It's up here somewhere.

I had to tell the dole that I was going to Wales for the fortnight when I took the trip and I travelled to the States on the cheapest, most hideous airline - El Al.

When I got to NY I was so poor that I had to get drunk on their dreadful beer in the street and then try and get someone to buy me a (mini) pint when I got into a bar. The place was ruddy terrifying back then too.


----------



## twistedAM (Oct 13, 2011)

Stigmata said:


> Vice magazine is dire. My flatmate keeps in the bathroom. I've been meaning to have words about that.
> 
> Although that Sardinian takeaway they're posing outside is actually very good.



Do they still do the Japanese-girls-in-cotton-panties photo shoots in every issue?
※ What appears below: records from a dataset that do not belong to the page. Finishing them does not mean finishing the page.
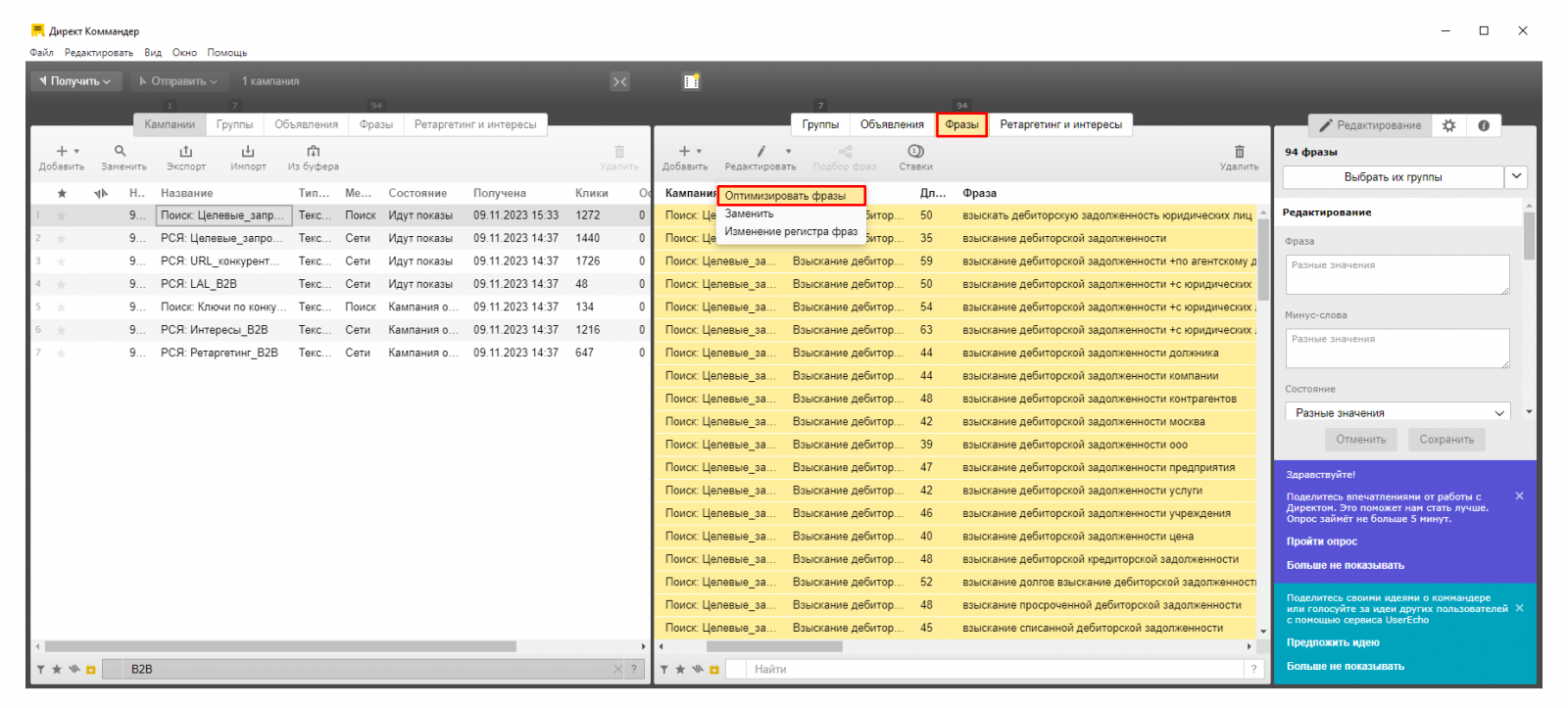 Далее во вкладке «фразы» выберете редактирование — «оптимизировать фразы» и проведите склейку дублей и кросс-минусовку (если кросс-минусовка нужна лишь для части ключей, то выделите их отдельно). После выполнения команды к каждому ключевику будут добавлены минус-слова, а дубликаты автоматически удалятся.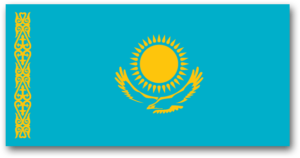 Изображение солнца, его лучей, орла и национального орнамента – цвета золота. Соотношение ширины флага к его длине – 1: 2.                        Государственный флаг независимого Казахстана был официально принят в 1992 году. Его автором является художник Шакен Ниязбеков.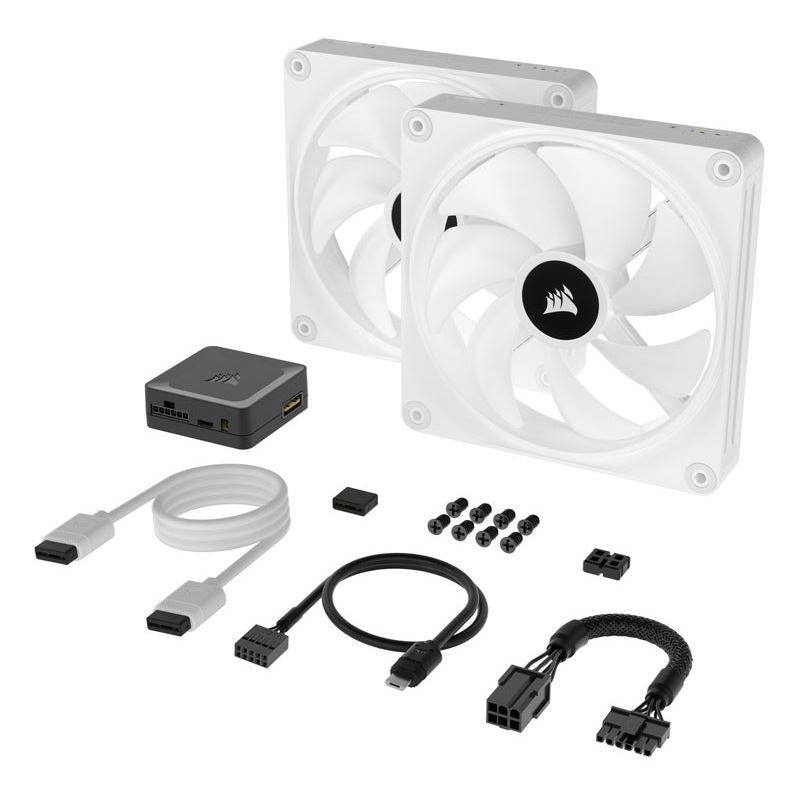 Corsair iCUE LINK QX140 RGB. Typ: Ventilator, Lüfterdurchmesser: 14 cm, Rotationsgeschwindigkeit (min.): 480 RPM, Rotationsgeschwindigkeit (max.): 2000 RPM. Produktfarbe: Weiß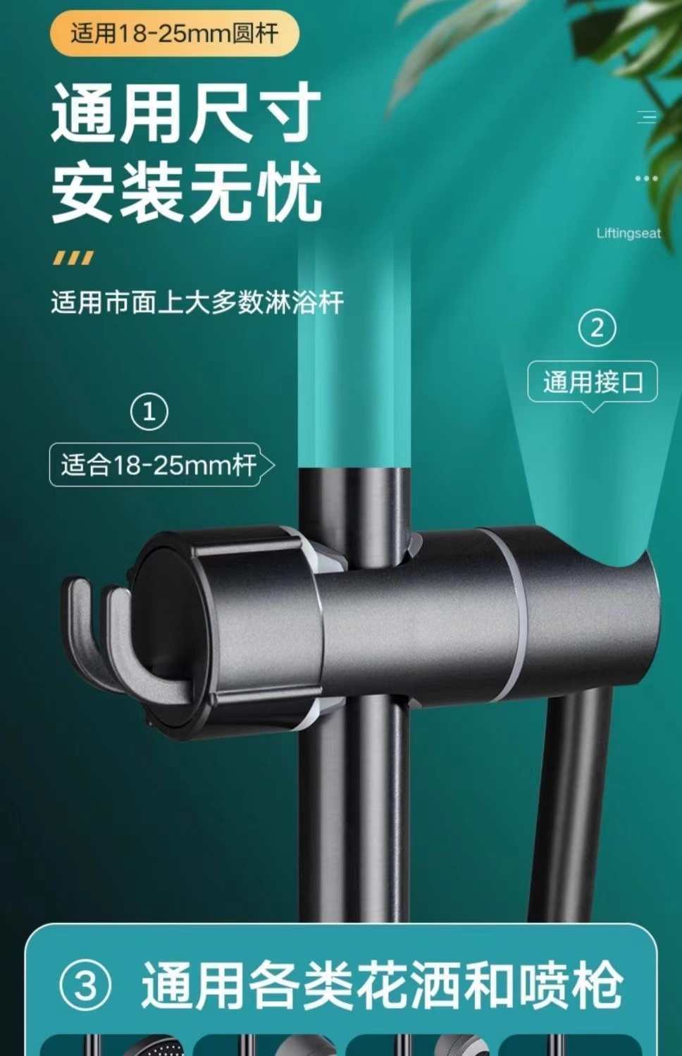 免拆管淋浴花洒支架滑套淋浴器配件手持喷头淋雨蓬头通用固定座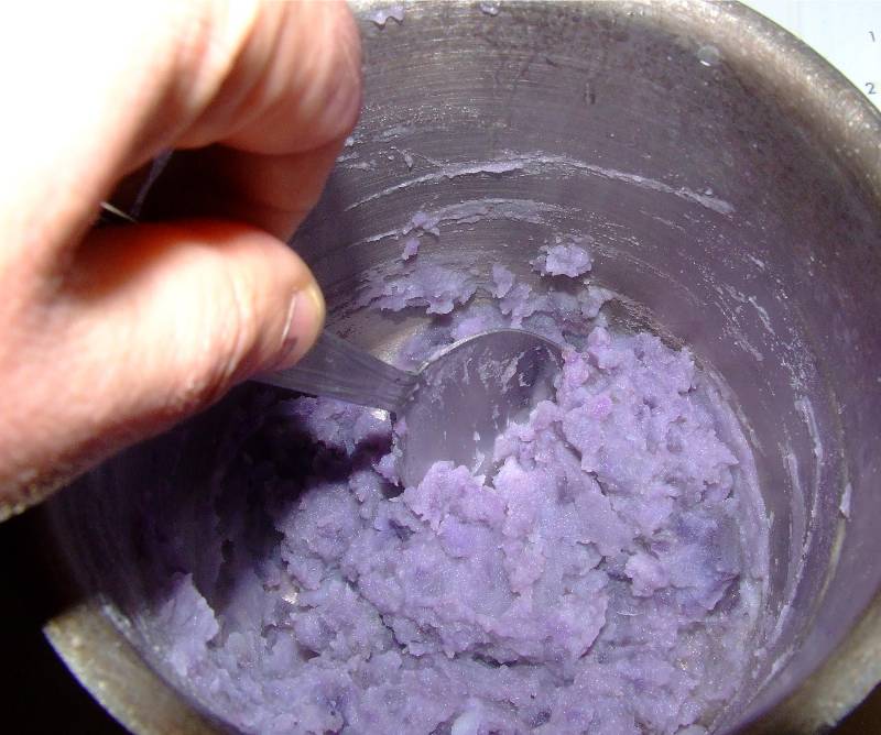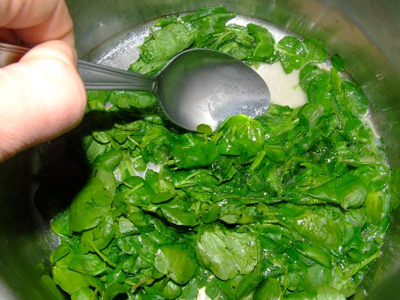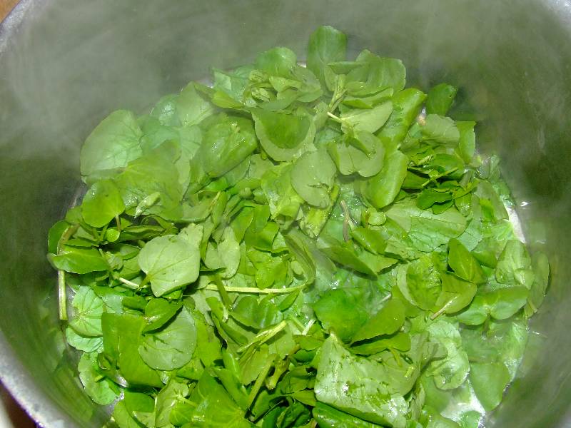 1-pour deux personnes, équeuter et trier le cresson, le laver dans de l'eau fraîche légèrement vinaigrée, puis le faire bien égoutter 2-dans une petite casserole avec une noix de beurre faire suer le cresson jusqu'à évaporation de l'eau de végétation, saler, mélanger, réserver 3-éplucher les pommes de terre, les couper en quartiers et les plonger dans une petite casserole d'eau bouillante salée et laisser cuire 20 minutes (l'eau va prendre une couleur bleu vert, ne pas s'inquiéter c'est normal) 4-au terme de la cuisson des pommes de terre, jeter l'eau de cuisson, ajouter une noix de beurre le lait et écraser les pommes de terre jusqu'à obtention d'une purée et réserver vin conseillé: Cassis blanc |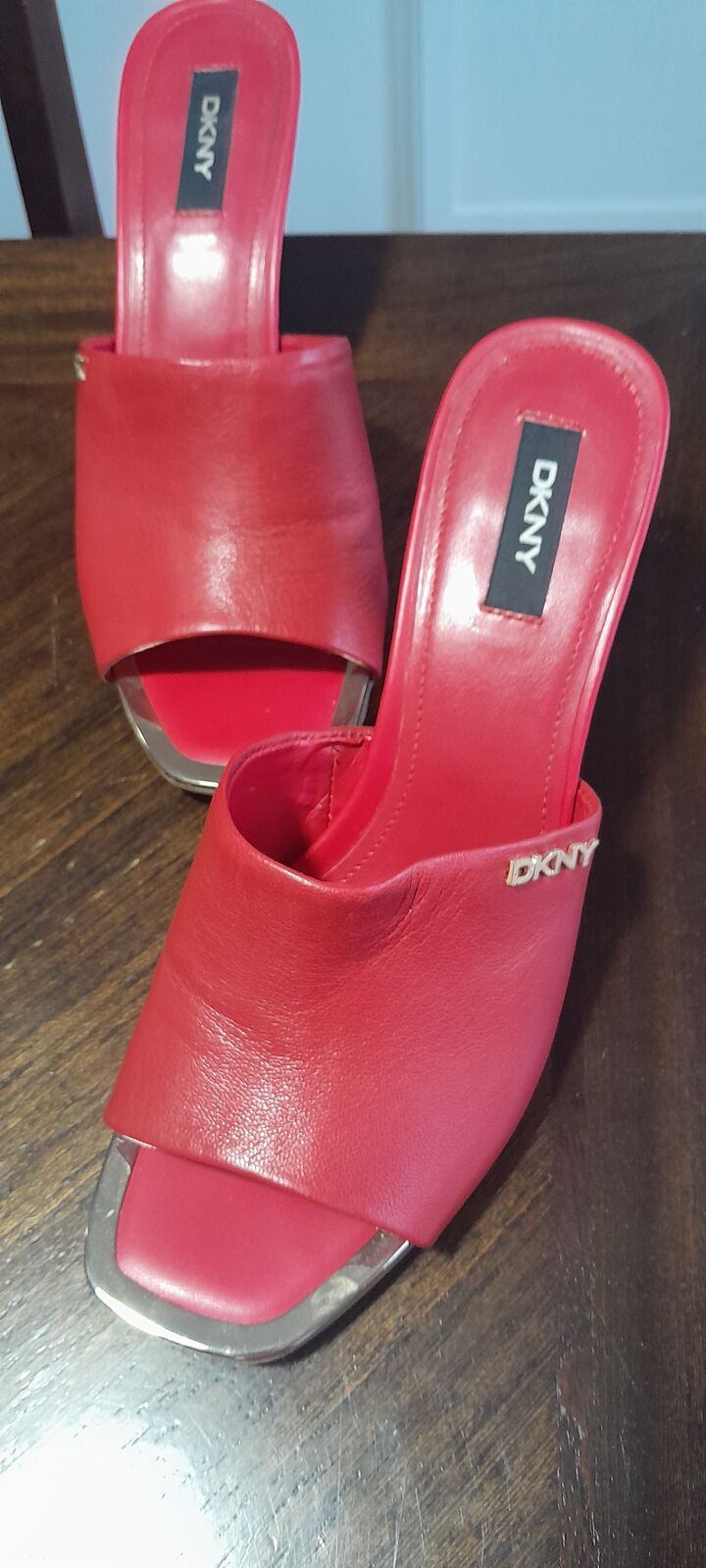 Make a bold statement with these quintessential DKNY Red Heels. Combining the high-energy of a vibrant red finish with the prestige of gold accents, these shoes are designed for the woman who owns the room the moment she enters it. No matter if that moment is in casual jeans or high end, special events in your life you will compete your outfit.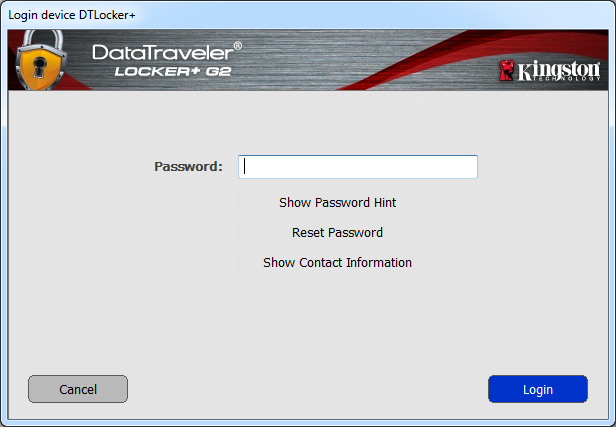 One of the biggest selling points of the Kingston DataTraveler Locker+ G2 32GB USB flash drive is it is a hardware encrypted drive. Without entering a password, no one can access your stored data. This means if you ever lose it, your private and confidential documents will not end up in the wrong hands. Even if you do not have any incriminating information stored on the drive, I am sure you do not want random strangers snooping through your data regardless of what. To get started, simply plug the Locker+ G2 into your computer's USB port, and execute the launcher program off the unsecured partition on the drive that simulates a CD-ROM drive. It will assist you in setting up a password, enter a password hint, and provide personal contact information.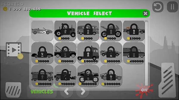 3、点击下方绿色的VEHICLES按钮,还可以更换汽车皮肤,这些皮肤需要消耗金币解锁。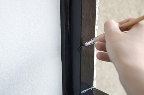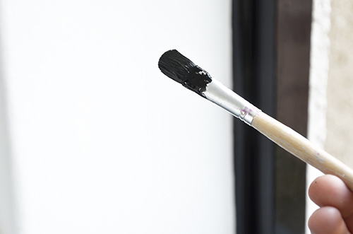 Egészen kisméretű, vékonyszálú, de sűrű lapos ecsettel dolgoztam, ezzel nem csak a kereteket lehet szépen átfesteni, de a fal és a keret találkozását maszkolószalag segítsége nélkül is precízen meg lehet húzni.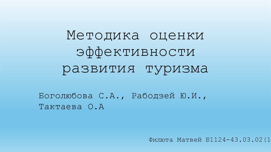 • Под методикой оценки эффективности развитиятуризма в логике статьи понимается комплекс
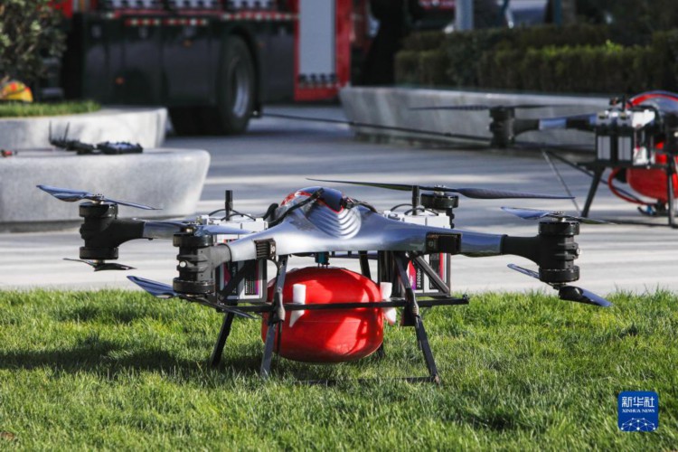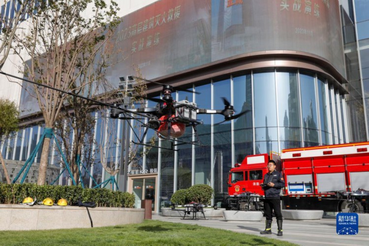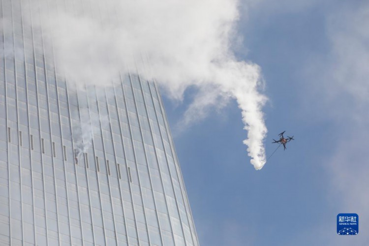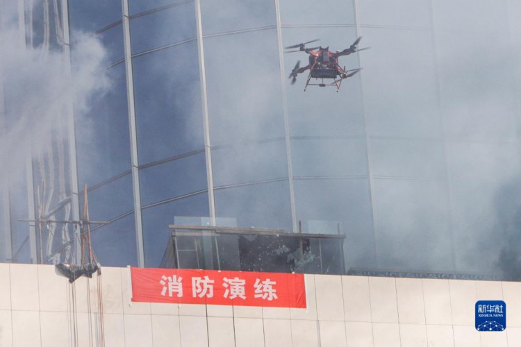 11月8日,高喷灭火无人机进行高层建筑灭火救援实战演练。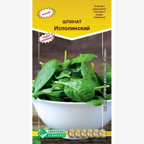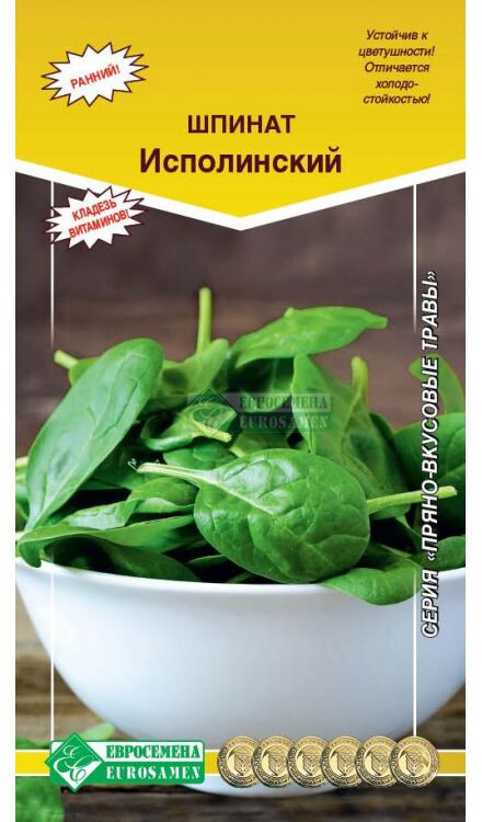 Шпинат - ценная по питательным качествам культура, богатая белком, солями железа, калия и кальция, витаминами. Исполинский - сорт раннеспелый, период от полных всходов до технической спелости составляет 30-40 дней. Розетка средне компактная, полу приподнятая. Листья зеленые, сочные, нежные. Используется в свежем виде. Холодостойкий сорт, отличается устойчивостью к заморозкам, требовательностью к влаге, хорошо отзывается на полив, к цветушности. Урожайность 2,5-2,8 кг/м2. Рекомендуется для потребления в свежем виде и для замораживания. Из него готовят всяческие супы, салаты, пудинги, котлеты, используется и шпинатный coк.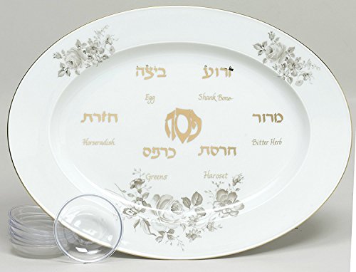 Oval Passover Seder Plate With Floral Design, White and Gold, Includes Liners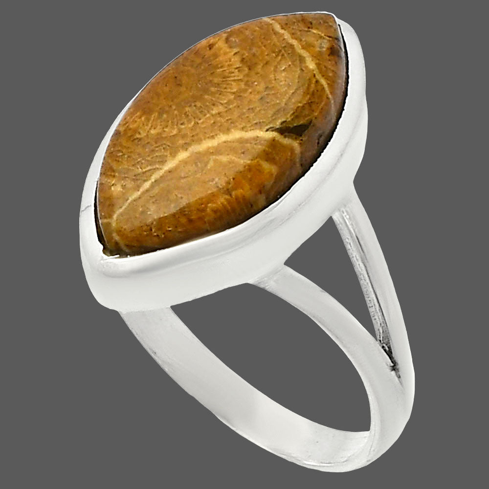 Natural Flower Fossil Coral Ring size-9.5 R-1005 SDR230564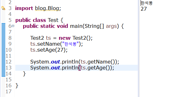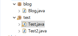 다른 패키지에서 Blog클래스와 Test클래스를 만들고 사용을 해보겠습니다.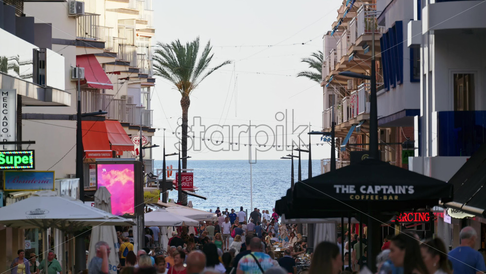 Benidorm, Spain – May 25, 2025: Crowded pedestrian street funneling toward Levante Beach in the Old Town Royalty Free Stock Video Footage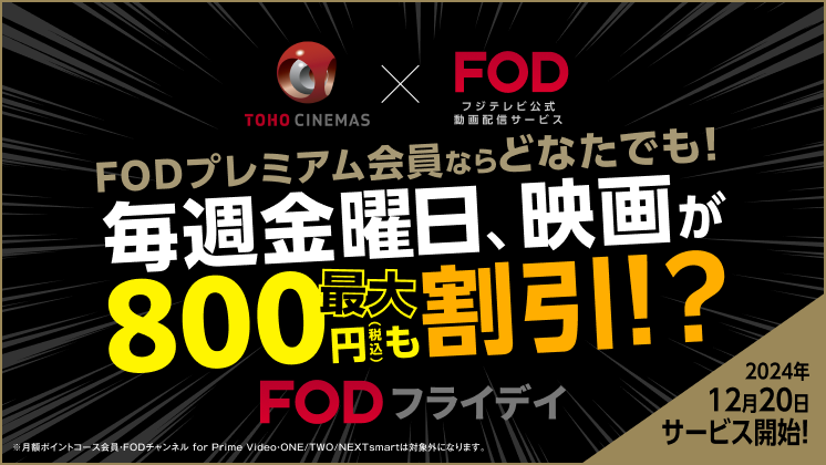 TOHOシネマズ×FOD“FODフライデイ”スタート!金曜日は映画が1,200円に!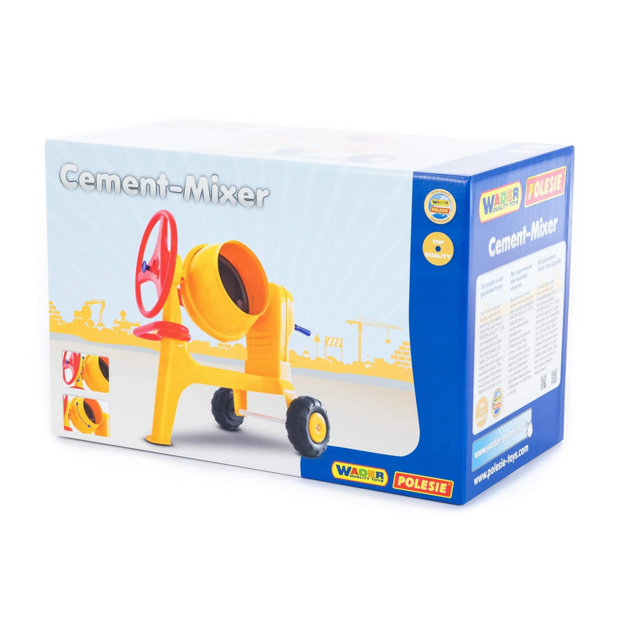 Dječja miješalica za beton marke WADER je realistična igračka koja djeci omogućuje da se osjećaju kao mali graditelji. Ima rotirajući miješajući bubanj pokretan ručicom, mehanizam za naginjanje s aretacijom i pokretne kotače. Prikladna je za igru kod kuće i na pijesku te je certificirana od 1. godine.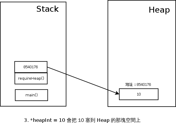 - 要操作 Heap 上的資料,靠的是指到該 Heap 的記憶體位置的指標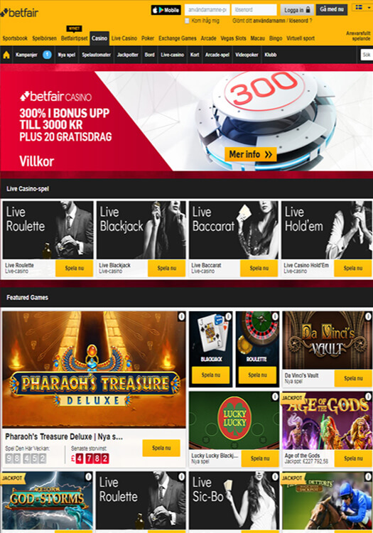 - Hemsida: casino.betfair.com

One reason why hipsters are smarter than punks.


----------



## ViolentPanda (Oct 13, 2011)

Minnie_the_Minx said:


> I didn't read the article. Looking at the picture was enough to tell me it's something I wouldn't be interested in
> 
> eta: Right, I took a peek
> 
> ah, it's vintage! That's ok then



He's a bit thick if he thinks that chucking away a fur will harm the environment beyond releasing a few grammes of whatever agent was used to "cure" the hide. It'll just biodegrade like it does on dead animals (like the one on his head).


----------



## ViolentPanda (Oct 13, 2011)

editor said:


> It's up here somewhere.
> 
> I had to tell the dole that I was going to Wales for the fortnight when I took the trip and I travelled to the States on the cheapest, most hideous airline - El Al.



El-Al. You flew Jew!
The reason it was cheap is no fucker would fly them back in the '70s and '80s because of the possibility of someone having planted a bomb or the probability of someone hijacking the plane. 
The reason it was hideous is because El-Al employed (and still employs, apparently) some of the moodiest, misanthropic sacks of shit ever to work the aisles this side of Ryanair. I'm still convinced that El-Al used to employ people who failed the interview for Aeroflot!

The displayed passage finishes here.